Placer Dome moves to rectify tailings spill at Philippine mine

The accidental escape of tailings at its 40%-owned Marcopper mine in the Philippines is reflected in the second-quarter earnings of Placer Dome (PDG-T).

The company lost US$32 million (or US13 cents per share) on sales of US$299 million, compared with a loss of US$25 million (US11 cents per share) on sales of US$235 million for the same period in 1995.

The loss includes a US$40-million after-tax provision against earnings, representing the estimated net impact of the spill. The provision reflects: US$21 million in loans to Marcopper, which were guaranteed by Placer; US$4 million owed to Placer by Marcopper; and US$15 million, which is the estimated cost of repairing the drainage tunnel through which the tailings escaped.

The Marcopper mine has remained closed since operations were suspended in late March. The Philippine government has revoked its environmental compliance certificate and is reviewing its mining licence.

In a written statement, Placer Dome President John Willson said: “Earnings have, of course, been hurt by the provision representing the estimated impact of the accidental escape of tailing at the Marcopper mine. . . .We at Placer Dome highly value our environmental track record and are extremely unhappy to have it tarnished by this accident.
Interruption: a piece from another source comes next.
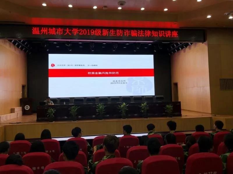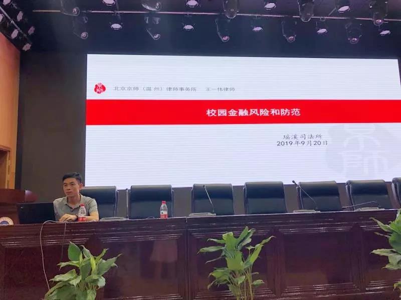 近期,部分不良网络借贷平台诱导在校大学生过度消费,使其陷入高利贷陷阱的案件频发,“校园贷”已成为全社会关注的热点问题。为进一步加强在校大学生的网络金融风险防范意识,提高对校园网贷陷阱的警惕,近日,北京京师(温州)律师事务所高级合伙人王一伟律师受邀为温州城市大学2019届新生作《校园金融风险和防范》的法律讲座。

“We feel strongly that Placer Dome must do everything it can to correct the situation at Marcopper. That is why we have taken 100% responsibility for setting things right, even though we have only a 40% interest. This is an unplanned investment in our future ability to develop mines worldwide.” Higher production costs

For the first half of 1996, Placer recorded a loss of US$24 million (or US10 cents per share) on sales of $562 million, compared with net earnings of US$12 million (US5 cents per share) on sales of US$471 million for the same period in 1995.
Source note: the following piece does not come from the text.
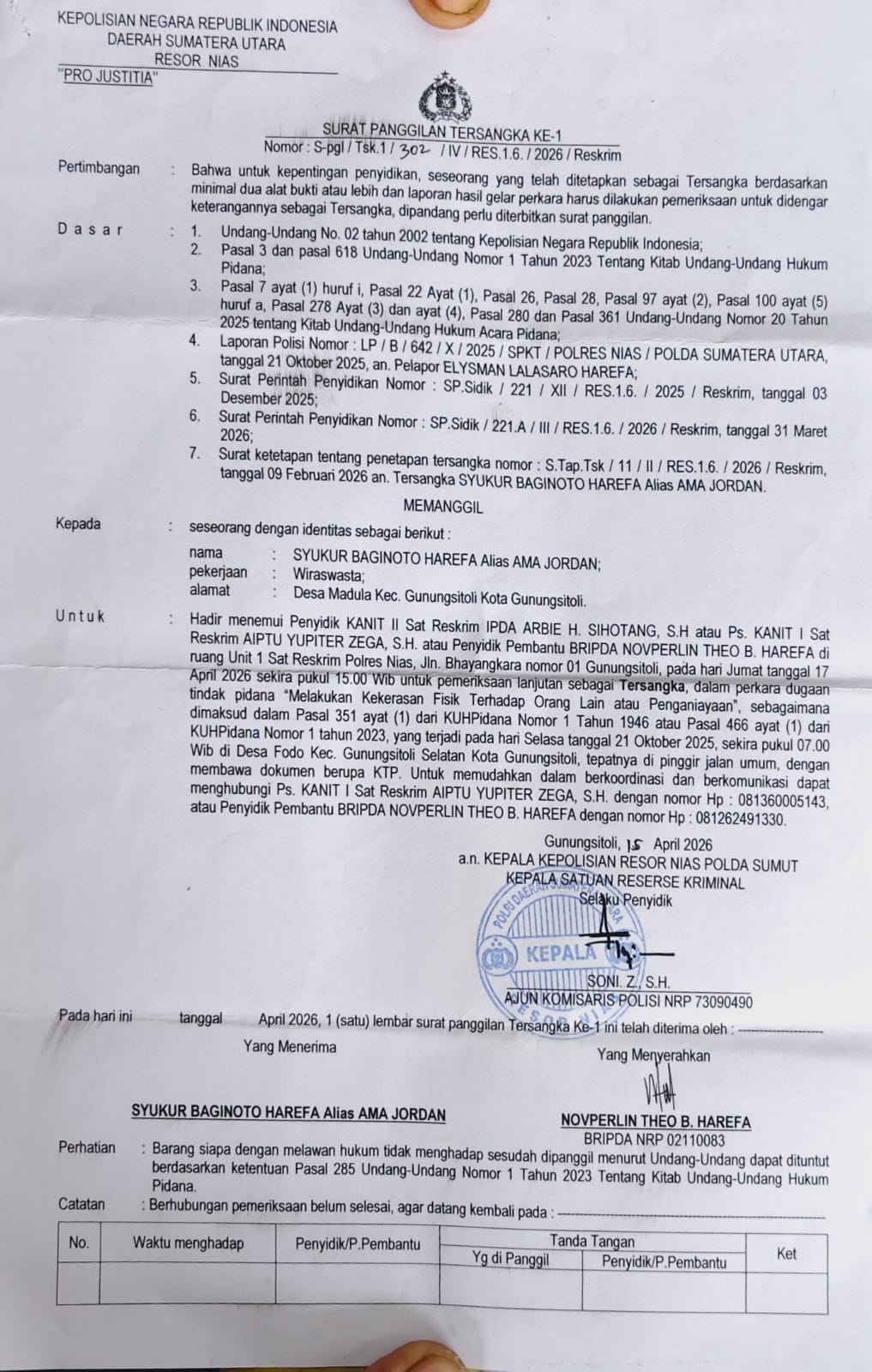Hingga saat ini, Syukur Baginoto Harefa telah resmi ditetapkan sebagai tersangka ditandai dengan nomor ; S.pgl / Tsk.1 /  302 / IV / Res .1.6 / 2026 / Reskrim , dalam kasus tersebut .

Gold production for the second quarter was 477,000 oz., bringing production for the first half of 1996 to 935,000 oz. — 13% higher than in the first half of the previous year. However, cash production costs for the half rose to US$246 per oz. from US$224 in the first six months of 1995.

Placer now expects to reach 1.9 million oz. in 1996, down from the original forecast of 2 million oz. And cash costs for the year are projected at US$235 per oz., up from the initial estimate of US$220 per oz.

Operating difficulties at some of Placer’s mines are taking their toll on production levels, costs and earnings, Willson stated.

“There are no quick solutions when poor ground conditions are encountered, as at Porgera and Sigma; nor [are there quick solutions] to the development constraints experienced at Detour Lake as a result of having to interpret the geologic model.”

(The Porgera, Sigma and Detour Lake mines are, respectively, in Papua New Guinea, northwestern Quebec and northeastern Ontario.)

Lower molybdenum prices resulted in operating earnings of US$6 million for the first six months, compared with US$58 million in the first half of 1995.

On a brighter note, construction of both the 68%-owned Musselwhite project in northern Ontario and the 60%-owned Pipeline project in Nevada is progressing ahead of schedule and within budget.

Musselwhite on track

The Musselwhite is being built at a cost of US$190 million, and Placer expects it will produce an annual 200,000 oz. for more than 10 years at a cash cost of US$200 per oz. TVX Gold (TVX-T) owns the other 32% interest. A proven and probable reserve stands at 9.8 million tonnes grading 5.6 grams gold, with an additional 3 million tonnes of mineralized material grading 5.8 grams.

The US$390-million open-pit Pipeline project is a joint venture with Kennecott, which owns the remaining 40% interest. Production is pegged at 310,000 oz. per year over 12 years at a cash cost of US$110 per oz. Proven and probable reserves within the Cortez mine and the Pipeline deposit are estimated at 82.3 million tonnes grading 2.8 grams gold.

In the meantime, feasibility studies on the Mount Rawdon project in Australia and the Mulatos project in Mexico are due in the third and fourth quarters, respectively. And a prefeasibility study on the Cerro Crucitas gold project in Costa Rica is due by year-end.

As the company ponders a development decision on the Las Cristinas deposit in Venezuela, it has increased reserves by a further 1 million oz. for at total of 9 million oz. gold. The deposit was previously estimated at 205 million tonnes grading 1.22 grams gold and 0.12% copper,

Placer continues to await payment of a US$35-million refundable deposit from the government of Kazakhstan, which, more than nine months ago, withdrew from the Vasilkovskoye gold project.